Golden Corral


I always see these commercials for Golden Corral saying, “why spend upwards of 20s of dollars on shrimp and steak when you can have both of these, and endless butterscotch pudding all for around 10 dollars!”  They always make a point to mention, get all this crap for around 10 dollars. Around 10 dollars? Well what is it. You have been saying this for years. Is it 10 dollars? More than? Less? Can you figure it out by now please? Around is a very lazy way of pricing things. Is this a restaurant or a flea market? Are we arounding up or arounding down? The only reason I ask is because I have around 5 kids and around one wife to feed. So if we could figure this out before I drag them in the Dodge Dakota and promise them the finest in cafeteria style land and sea creations? What kind of cash register do they have there with this arounda system? Is it just a slot machine where ya pull the lever and see what numbers come up? 9-9-9-crawfish. Did I win? “Yes you won this mediocre all you can eat buffet the size of an Olympic swimming pool! Grab a spork and fill up your trough with as much chum that suits your tum!” 
A couple years ago they added an item to the menu, the endless chocolate fountain. I can see the president of Golden Corral pacing back and forth in his office, “Hmmm, we have cornered the market on the blandest food this side of a freezer door, but I still think these fat degenerates need a closer. And by that I mean, their belly’s gravitating closer to the ground. I know, lets make a waterfall of chocolate that folks can dip bananas, brownies, and face in. And In turn this choco-fall will form a river of diarrhea that will flow out of their sad assholes for days.”
You would think an endless flowing chocolate fountain would be enough for the shameful patrons innards to swim in, but no. That’s because  I saw a recent Golden Corral commercial that started out with this, “Just when you thought Golden Corral could not top themselves, they have topped themselves!
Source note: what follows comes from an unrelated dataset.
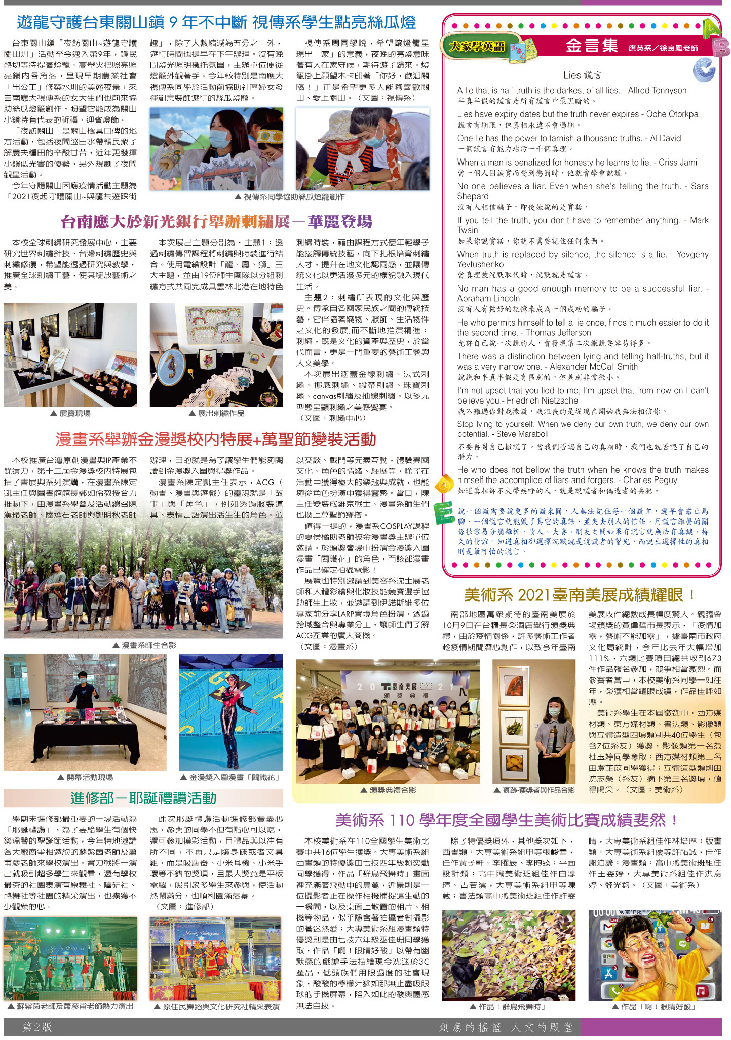 校園傳真 校內活動•系科展演•大家學英語•學生獲獎榮耀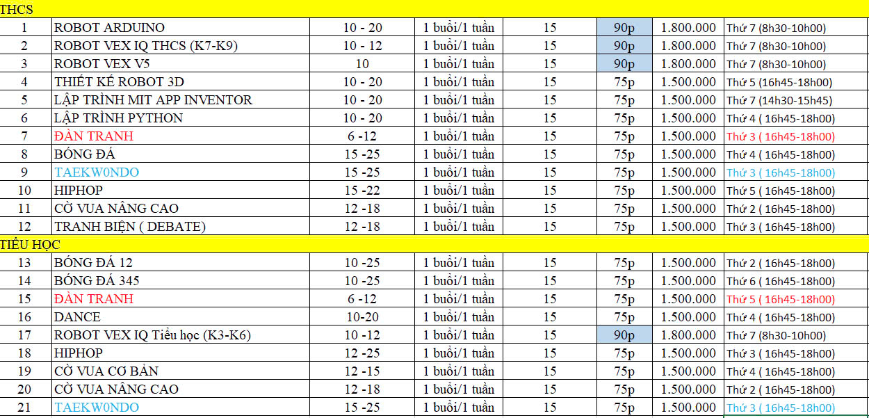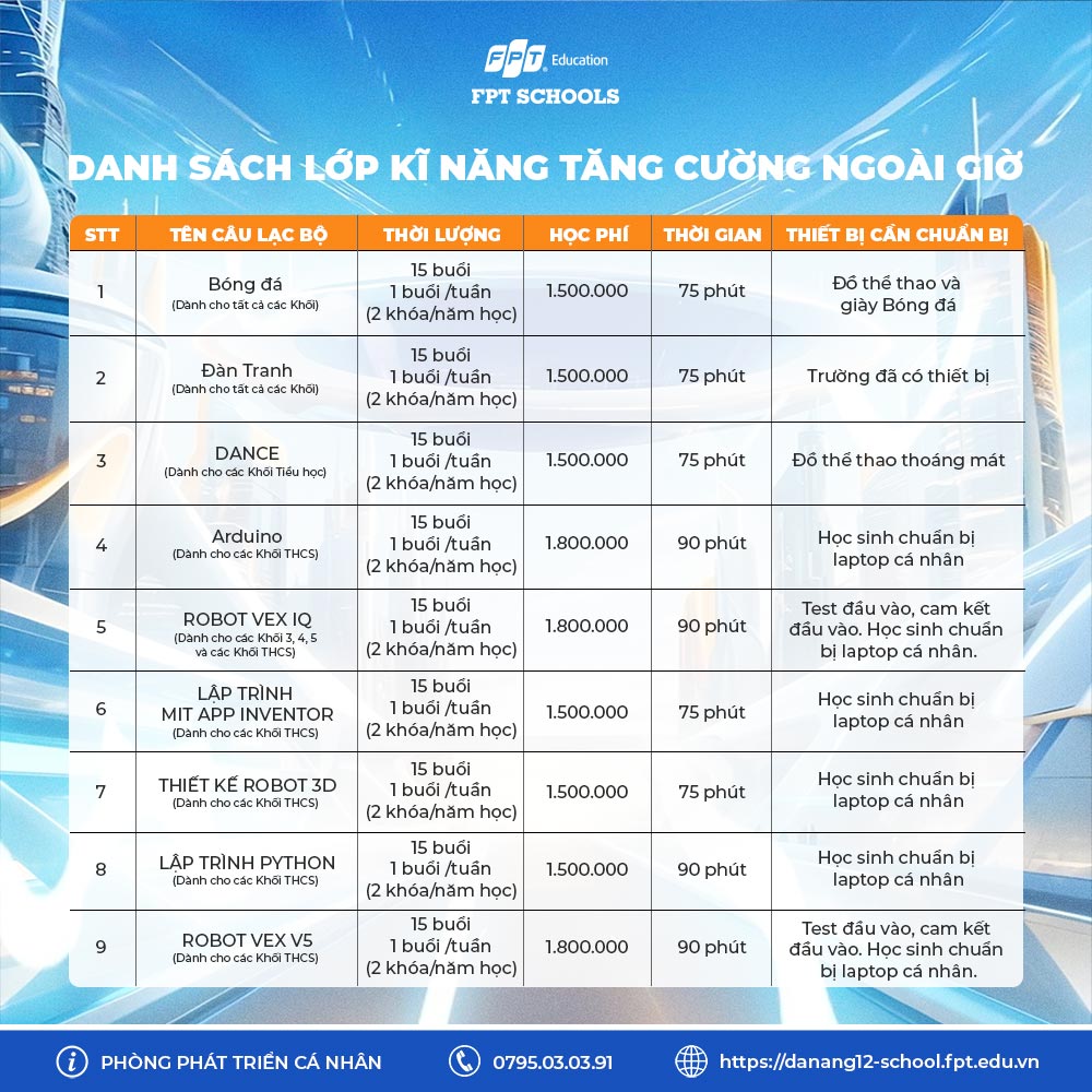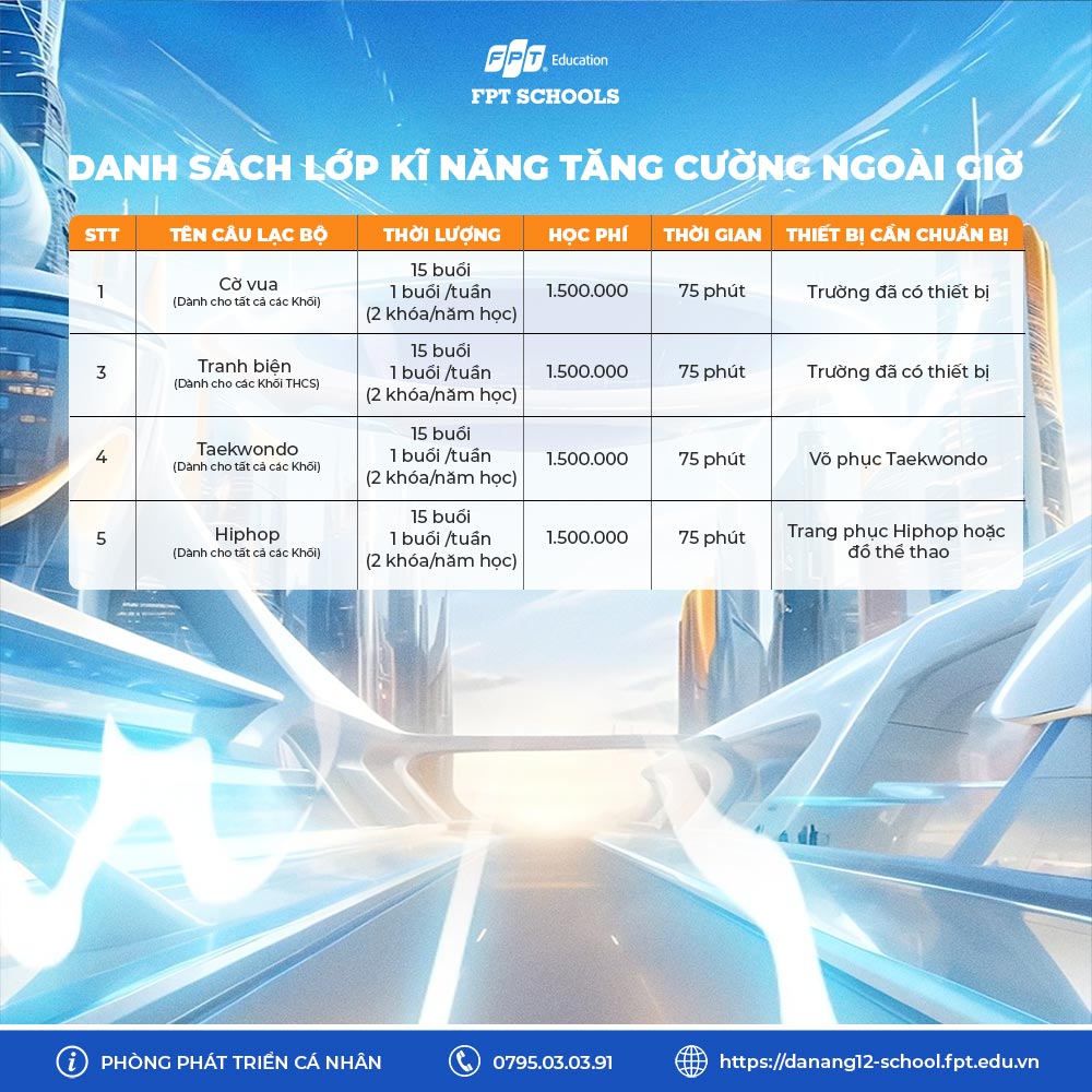Những lớp học này sẽ tạo ra một môi trường tuyệt vời để các bạn học sinh phát triển năng khiếu, rèn luyện thể chất, nâng cao kĩ năng sống và khám phá sở thích cá nhân. Hãy cùng nhau khơi dậy đam mê và khám phá tiềm năng của bản thân nhé!

With just two words.”  Then the camera spins over to an 80 year lady saying “COTTON CANDY”. Okay…first off, if you are 80 years old and not only eating cotton candy but excited about it…then there is a problem. You also probably don’t have much time left on this earth, eating a spool of whipped sugar on a stick. And thanks Golden Corral for bringing the food reserved for carnivals to the family dinner table. Can I also throw a baseball at a bell to dunk a man while I eat this? Why half ass this experience?

Golden Corral is trying to do something nice though. They have a place called Camp Corral where kids of crazy disabled military vets can go hang out with other scarred children for a week. And they are doing it all for around the price of free. Sounds great!  Camp Corral! Sending them to a corral. Do you actually know what a corral is? It’s a pen where you keep livestock such as cattle and pigs in.  Hey vets thanks for giving up your leg and eye in battle. Boy do we have a treat for your family. We are sending your kids to a farm where they will be treated like animals ready for slaughter. Yay! It’s a fat camp, literally. They will make your kid heavy set by feeding them high calorie slop and then they will mysteriously disappear. That’s how Golden Corral really keeps that endless amount of food all for around 10 bucks. You’re eating children people! Disfigured vet’s children. Hmmm, Should I dip Corndog Timmy in a little chocolate or honey mustard. How bout both as a salute to his purple heart medaled daddy. This one is for you Peg Leg Jimbo!